OTHER PEOPLE'S MONEY
The New Yorker|September 23, 2024
Proximity to wealth proves perilous in Rumaan Alam’ novel Entitlement.”
Laura Miller
OTHER PEOPLE'S MONEY

After love, money is perhaps the novel’s favorite subject, especially the novel in its most hopelessly (or, depending on your taste, endearingly) bourgeois form. Whether handled with Trollope’s irony or Fitzgerald’s romanticism, money in fiction challenges love’s delusion that our lives are defined by anything other than the hardest of practicalities, and that’s one reason money versus love is a venerable theme. But what if the two ostensibly opposing forces collapsed into each other, forming a sort of black hole? That would be enough to drive anyone around the bend, which is just what happens to Brooke Orr, the protagonist of Rumaan Alam’s fourth novel, “Entitlement.”

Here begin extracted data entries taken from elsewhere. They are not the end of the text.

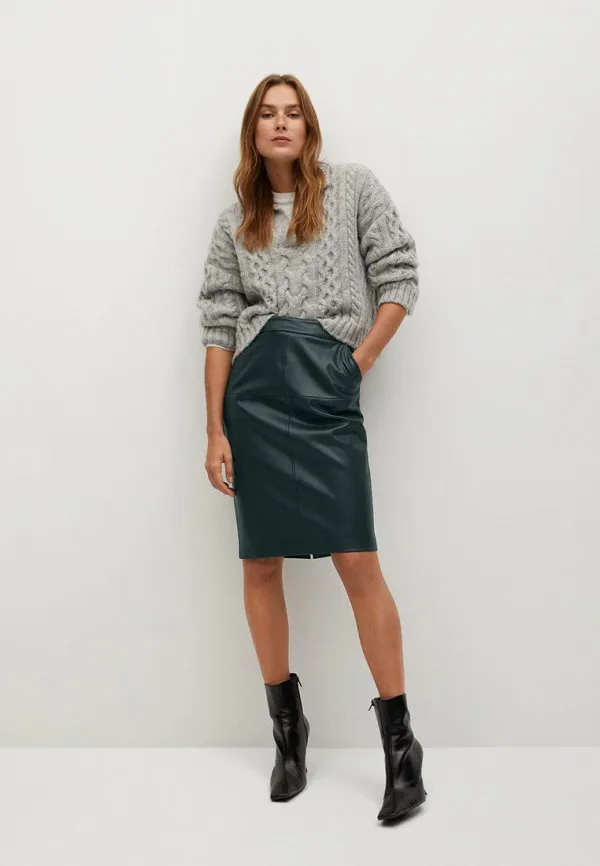 Зеленая кожаная юбка-карандаш, Mango
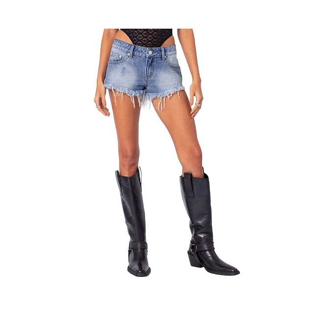 Edikted Women's Erika Low Rise Frayed Denim Shorts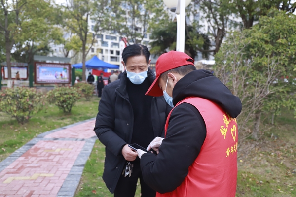 “大爺,您帶身份證了是嗎?”“小伙子,我用的不是智能手機,也不能上網,你看看我怎么做核酸?”在陽光社區中心花園核酸采樣的隊伍中,志愿者孫偉站在隊伍不遠處,認真觀察手中持有身份證前來的老年人,主動上前詢問。

Alam is best known for “Leave the World Behind” (adapted into a film by Netflix), in which a Black couple bearing news of a mysterious catastrophe arrive at the Long Island summer house they’ve rented out to a white family for the week. Although that novel’s characters are familiar types (the Karen-ish white lady in her forties and her inept professor husband; the no-nonsense Black financier), Alam’s observation of the attitudes and trappings of contemporary upper-middle-class American life has a delicious precision. His shopping lists are as vivid as poems. “Entitlement,” which benefits from that precision, features themes Alam has touched on before: transracial adoption; the rivalrous friendships of ambitious young New Yorkers and the wedge that economic disparity drives between them; the complex tissue of privilege and status that makes up cosmopolitan social life. But the tone of this novel grows darker and more claustrophobic than that of any of his previous works, even the apocalyptic “Leave the World Behind.” Never has one of his characters so thoroughly decompensated. Brooke’s fateful move is merely to take a job at a foundation dedicated to giving away the fortune accumulated by an office-supply magnate named Asher Jaffee, but the proximity to so much money unhinges her.

This story is from the September 23, 2024 edition of The New Yorker.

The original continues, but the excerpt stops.